Autor:  Pazdz [ 06 wrz 2006, 21:24 ]
Tytuł: 

Cytuj:
I obawiam się że nie jestem w tym odosobniony.

Nie jesteś. Ja również przychylam się do twojej wypowiedzi.

Autor:  użytkownik usunięty [ 06 wrz 2006, 22:07 ]
Tytuł: 

Również się pod tym podpisuję. Jestem w stanie uwierzyć, że 2, 3% można zaoszczędzić na takim sposobie uruchamiania silnika, ale nie aż tyle, co kolega mówił.

Autor:  Levuss [ 06 wrz 2006, 22:10 ]
Tytuł: 

teraz tatosiedzi na uropie do końca września i wiem jakie auto miało średnie spalanie i zobaczę czy ono spadło

Autor:  mikolaj [ 16 wrz 2006, 12:51 ]
Tytuł: 

Nie wiemy jaki rodzaj klimatyzacji jest na wyposażeniu tego MANA i w jakich warunkach klimatycznych była ta próba wykonywana. Jeśli system jest automatyczny a temperatura wew. nie wymaga korekty to sprężarka nie jest załączana a więc nie ma wpływu na pobór mocy. Pytanie więc jaki procentowo udział w pracy całego przebiegu miała wcześniej klima załączona i jaki faktycznie stawia opór.

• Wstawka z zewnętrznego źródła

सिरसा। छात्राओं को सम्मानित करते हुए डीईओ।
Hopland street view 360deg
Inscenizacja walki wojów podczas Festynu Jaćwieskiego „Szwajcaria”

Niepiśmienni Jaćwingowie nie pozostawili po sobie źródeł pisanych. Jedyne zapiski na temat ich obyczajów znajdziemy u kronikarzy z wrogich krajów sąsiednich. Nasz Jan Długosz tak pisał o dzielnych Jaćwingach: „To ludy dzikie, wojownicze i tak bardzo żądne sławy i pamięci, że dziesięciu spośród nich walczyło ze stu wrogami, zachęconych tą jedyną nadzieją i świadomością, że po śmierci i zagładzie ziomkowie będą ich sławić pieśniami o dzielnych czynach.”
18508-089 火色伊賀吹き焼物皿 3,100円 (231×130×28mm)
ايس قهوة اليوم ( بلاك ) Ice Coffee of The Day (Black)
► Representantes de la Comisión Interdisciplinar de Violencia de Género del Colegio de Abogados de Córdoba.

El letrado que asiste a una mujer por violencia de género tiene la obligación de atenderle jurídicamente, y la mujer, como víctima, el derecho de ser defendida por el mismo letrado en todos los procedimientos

Jeśli chodzi a autobusy to mogę postawić tezę iż pełne załączenie klimy powoduje znaczący pobór mocy przez sprężarkę i alternator (moc nadmuchów to kilka KW) co owocuje spokojnie paroma litrami większego zużycia. Oczywiście są to odmienne warunki i nie należy do końca ich porównywać.

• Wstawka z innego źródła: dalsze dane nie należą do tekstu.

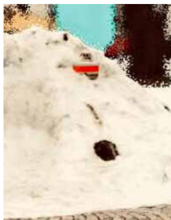
Unter Schneemassen nahezu vollständig vergrabener Hydrant

Wir wünschen Ihnen eine frohe Advents- und Weihnachtszeit, ruhige und besinnliche Tage und einen guten Start in das neue, bevorstehende Jahr! Bitte lassen Sie dabei Kerzen niemals unbeaufsichtigt, sorgen für ausreichend Löschmöglichkeiten oder steigen direkt auf elektrischen Weihnachtsschmuck um.
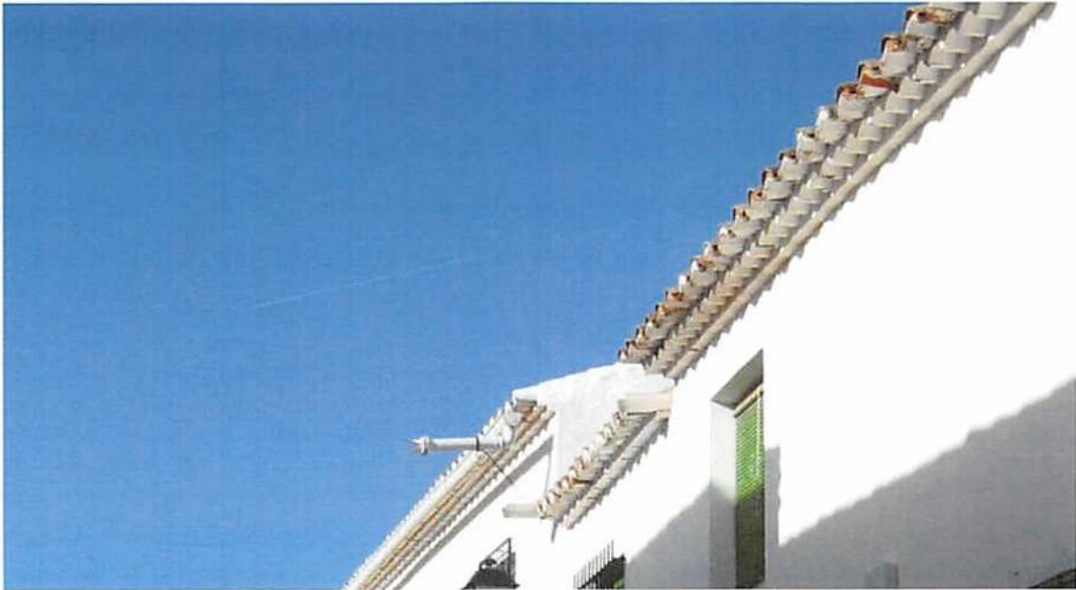
Imagen nº 7. Alero doble, de tejado volado sobre doble fila de ladrillos a testa (izda.) y a la dcha. tejado volado sobre una fila de tejas formando cobijas, sin canales y otra inferior de ladrillo.
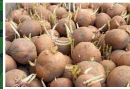
Damit wir die Kartoffeln einpflanzen konnten, haben wir sie vorgekeimt lassen.
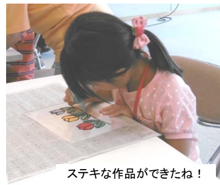
ステキな作品ができたね!

丸守木材(株)様から売上金 7,900 円の寄付をいただきました。熊本地震災害義援金として社会福祉協議会へ募金しました。ご協力ありがとうございました。
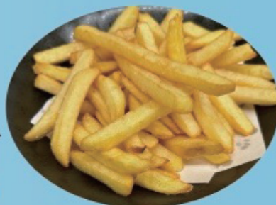
French fry ポテトフライ 450円税込495円

Autor:  Levuss [ 16 wrz 2006, 14:04 ]
Tytuł: 

Cytuj:
Nie wiemy jaki rodzaj klimatyzacji jest na wyposażeniu tego MANA i w jakich warunkach klimatycznych była ta próba wykonywana.
nie Mana a Volvo kolego a dokładniejsze dane podam gdzieś pod koniec miesiąca wtedy tato wraca do roboty(urlop)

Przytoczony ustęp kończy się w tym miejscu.